Video Killed The Radio Star: Why MTV Doesn’t Have The Same Influence

by Madi Ashley

MTV, or Music Television, was once where artists would go to become stars.

The MTV Music and Movie Awards were events artists worked toward, rather than worked around.

With the rush of social media and the expansion of entrepreneurial success, MTV has lost what made it revolutionary: its ability to find and promote quality music.

The spotlight and expansion of fame and fortune in a media-driven world has sadly made MTV a platform for the promotion of celebrity gossip, best and worst dressed and reality television.

So, yes, it’s influential, but that’s not what music ever has or ever should be about.

What happened, MTV?

MTV’s beginning in 1981 had a purpose to be music television, playing music videos 24/7 to create a platform for music talent focused at a young adult demographic.

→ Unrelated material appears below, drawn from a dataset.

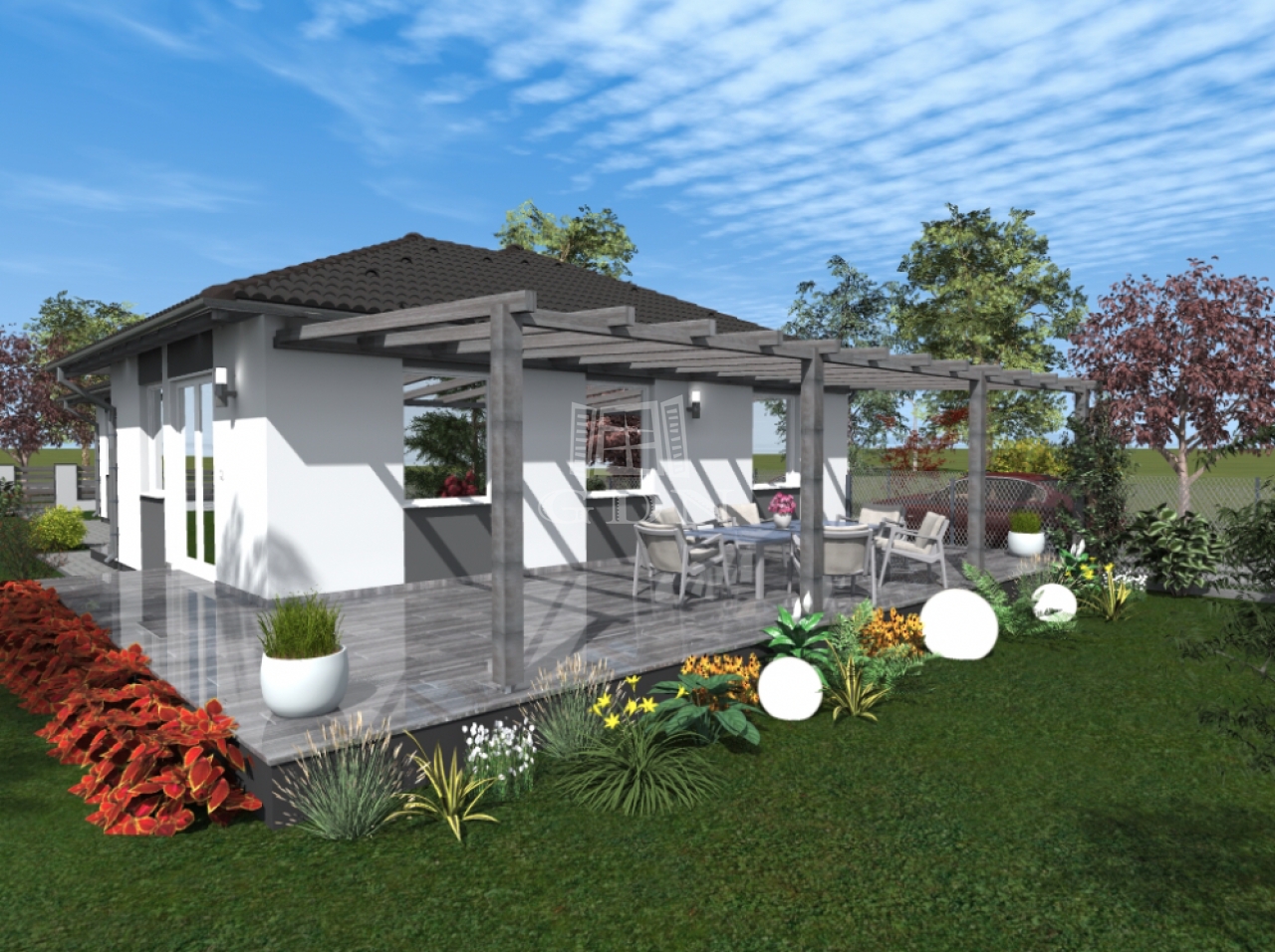 A ház belső elosztását igény szerint ön tervezheti meg a kivitelező tervezőjével. A hirdetésben szereplő alaprajz bővíthető, az ingatlan megépíttethető akár 140nm, 150nm alapterületűre.
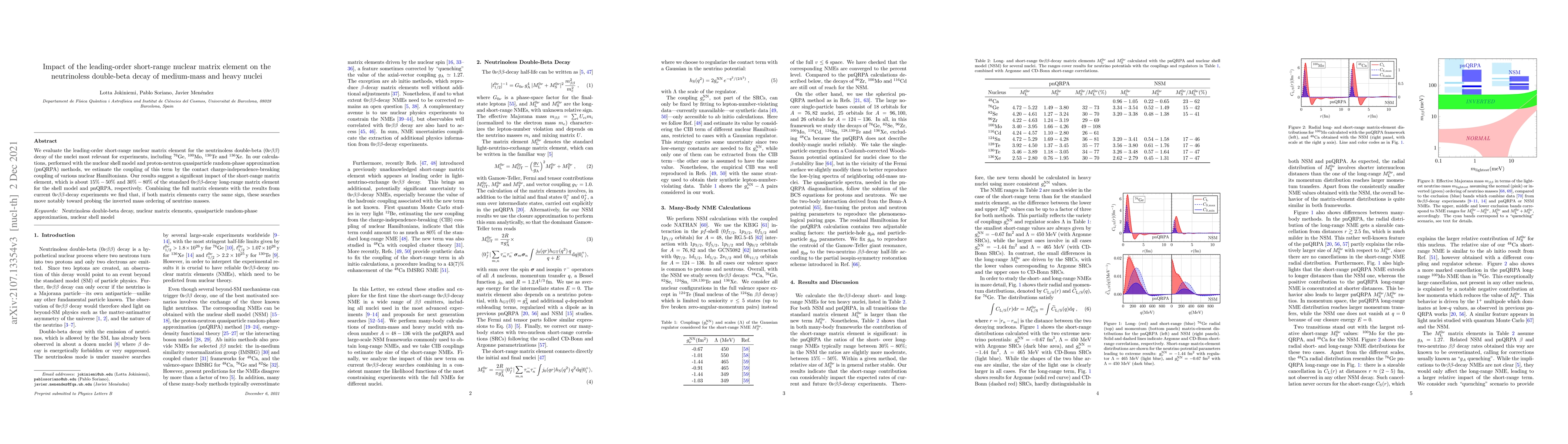 This research evaluates the leading-order short-range nuclear matrix element's impact on neutrinoless double-beta decay in nuclei like Ge-76, Mo-100, Te-130, and Xe-136. Utilizing the nuclear shell model and pnQRPA methods, the study finds that this short-range element significantly contributes 15%-50% and 30%-80% of the long-range matrix element for shell model and pnQRPA, respectively. The combined full matrix elements suggest that if both have the same sign, ongoing 0νββ-decay experiments could strongly indicate an inverted neutrino mass ordering.

Launching with the words, "Ladies and gentleman, rock and roll," the new music channel created its name.

“You’ll never look at music the same way again,” and “On cable, in stereo” rolled through the opening credits of the Apollo 11 moon landing with the MTV flag proudly being "placed on the moon," ultimately becoming the universal symbol for MTV.

The first music video shown was Buggles' "Video Killed the Radio Star," a timely hit generations still recognize today.

MTV’s influence was instant, thrusting music and bands that local radio shows were not playing into record stores around America.

Rock bands and performers of the 1980s, who were the main stars of MTV, ranged from new wave to hard rock bands, such as Eurythmics, Prince, Van Halen, The Police and Bon Jovi, as well as the likes of Weird Al Yankovic who parodied all these videos (still hilarious today).

MTV respected the classic rock acts from the 1980s and earlier, such as David Bowie, The Rolling Stones, The Who, Paul McCartney and even had hard rock band Kiss appear publicly without their trademark makeup for the first time in 1983.

All were artists of the generation; all were made famous by MTV.

These songs and bands were brought to us by on-air personalities known as VJs, short for video jockeys. Remember them?

No, they weren’t voiceover and reality TV stars; they simply began as music broadcasters bringing music to all viewers and listeners of cable TV, such as Alan Goodman and JJ Jackson.

Remember these guys? They may have started as TV personalities, but they evolved into respected journalists and music professionals, remaining in the business for decades.

That is what MTV circa 2006 onwards lacks: originality and purpose. It has a new market now, of teenagers seeking refuge in reality TV and celebrity puff pieces.

Although this is due to the social media era, and the broadcaster is simply "keeping up" with the technological age, the once-revolutionary channel has not had a significant impact, which other channels, such as Channel V and E! News, haven’t either.

Once upon a time, MTV was the one and only place music lovers would flock to for inspiration and joint appreciation for new and old music.

In 2015, it’s just not the same.

What’s really changed is its focus and demographic.

No longer do we think of music when MTV is mentioned; instead, we think of shows like "Teen Mom," "Catfish" and "Jersey Shore."

Current? Yes. Entertaining? Perhaps. What MTV strived to be two and a half decades ago? Not exactly.

Particularly, with the evolvement of the MTV Video Music Awards (of which the lineup has just been released for this year), the focus is more on the entertainment and the celebrities involved, rather than the substance of what the music nature offers.

MTV still has respect for artists, of course, with tributes to passing performers and influential people, as well as awards for successful artists, but it prides itself on what it can offer in a form of advertisement rather than the music it wants to promote.

With a change of the times, of course, institutions must adapt, but at what expense of originality and artistic respect?

The days of pure music have passed and, instead, have been replaced with music videos of big booties and a lack of storylines.

I can hear Michael Jackson’s "Thriller" crying from the musical genius archives.

Through retrospect and nostalgia, we can enjoy the days of artists, such as Michael Jackson and The Who, with their original music being broadcasted 24/7 on a channel that prided itself on creating a platform for people to enjoy it before the age of YouTube and social media.

MTV’s influence has changed, and so has its featured talent.

Yes, the featured musicians are still artists, but they don’t represent the originality of the revolutionary music channel that is MTV.

Video really did kill the radio star.